A grave crise sanitária mundial decorrente da COVID-19 tem gerado inúmeros reflexos sociais, dentre eles a determinação de suspensão, adiamento ou cancelamento de eventos esportivos ao redor do mundo, incluindo, os Jogos Olímpicos, a temporada de Fórmula 1, as rodadas da Champions League e da Taça Libertadores da América, os campeonatos de tênis da ATP, com destaque para o torneio de Wimbledom, nunca antes cancelado, praticamente todos os campeonatos nacionais e estaduais de futebol, entre muitos outros.
A não realização desses eventos desportivos tem despertado uma série de consequências graves a todos os envolvidos. Por exemplo, o líder da classificação geral do campeonato paulista, Santo André, tem 21 dos 26 jogadores do elenco com contratos previstos para terminar no mês de abril e sem a receita dos jogos e sem saber quando o campeonato irá (ou mesmo se irá) voltar, a situação contratual do grupo praticamente inviabiliza uma participação competitiva nesse torneio caso ele seja retomado.
O mesmo acontece com os contratos de patrocínio. Tão logo anunciadas a suspensão dos campeonatos, a marca de azeite, Azeite Royal, até então patrocinadora dos quatro grandes clubes de futebol do Rio de Janeiro, anunciou que deixaria de contribuir, rescindindo os contratos de patrocínio.

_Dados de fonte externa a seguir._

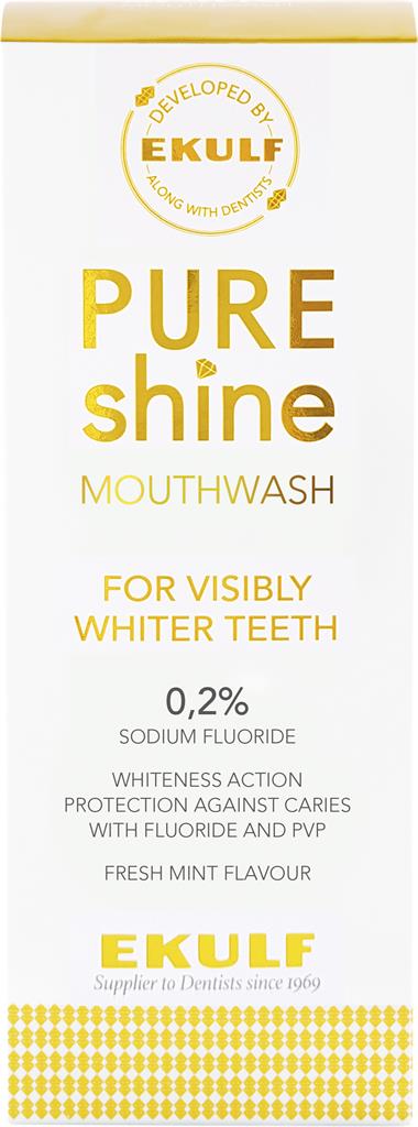 PURE shine munskölj använder en speciell kombination av ingredienser, bl.a. PVP (Polyvinylpyrrolidone), som motverkar beläggningar/plack på tänderna och håller tandytan ren. På så sätt hjälper produkten till att bibehålla tändernas naturliga vita färg. Den höga fluoridhalten (0,2% NaF) bidrar till att remineralisera både emalj och rotyta och motverkar såväl karies som dentala erosioner/frätskador. PURE shine munskölj har god mintsmak som ger en frisk andedräkt.

Em razão desse fato inequívoco, imprevisível e inevitável, cujas consequências ainda são impossíveis de mensurar, diversas relações contratuais estão sendo severamente afetadas, notadamente os contratos de patrocínio, pelo qual alguém (normalmente uma instituição ou empresa) contribui, via de regra financeiramente, para um projeto em busca de publicidade de sua marca.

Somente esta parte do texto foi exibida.